Slashdot Mirror


CCC Create a Rogue CA Certificate

t3rmin4t0r writes "Just when you were breathing easy about Kaminsky, DNS and the word hijacking, by repeating the word SSL in your head, the hackers at CCC were busy at work making a hash of SSL certificate security. Here's the scoop on how they set up their own rogue CA, by (from what I can figure) reversing the hash and engineering a collision up in MD5 space. Until now, MD5 collisions have been ignored because nobody would put in that much effort to create a useful dummy file, but a CA certificate for phishing seems juicy enough to be fodder for the botnets now."

6 of 300 comments (clear)

  1. Alright this Internet is ruined by Anonymous Coward · · Score: 5, Funny

    Let's go make a new one.

  2. Rouge CA? by realmolo · · Score: 5, Funny

    I prefer teal CAs, myself. Or possibly burnt sienna CAs. Sometimes fuschia CAs.

    It's ROGUE you dumbass.

    1. Re:Rouge CA? by nsushkin · · Score: 5, Funny

      I prefer teal CAs, myself. Or possibly burnt sienna CAs. Sometimes fuschia CAs.

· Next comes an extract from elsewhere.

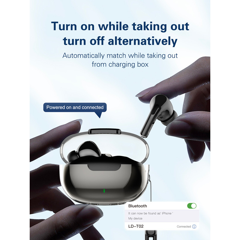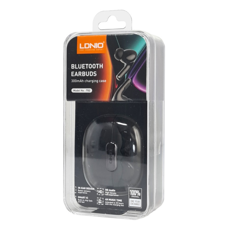 Τα true wireless earphones T02 της LDNIO προσφέρουν κορυφαία ποιότητα ήχου και άριστη εφαρμογή στο αυτί. Είναι συμβατά με tablets, smartphones και άλλες συσκευές που διαθέτουν Bluetooth.

      It's ROGUE you dumbass.

      Surely you meant FUCHSIA

  3. Re:from the ... dept? by DoofusOfDeath · · Score: 4, Funny

    Oh noes! What department of Slashdot did this article come from? ...

    Hold on - I'll check the signature.

  4. Re:from the ... dept? by MBCook · · Score: 4, Funny
    Let's put up a poll to see what we can all do!
    • I'll put Taco up at my place
    • I'll donate some food
    • I'll donate some fuel
    • I'll donate some CPU time
    • Taco is a big boy, he can help himself
    --
    Comment forecast: Bits of genius surrounded by a sea of mediocrity.
  5. Missing option by pjt33 · · Score: 4, Funny

    I'll set fire to CowboyNeal. That kills two birds with one stone: fuel and food.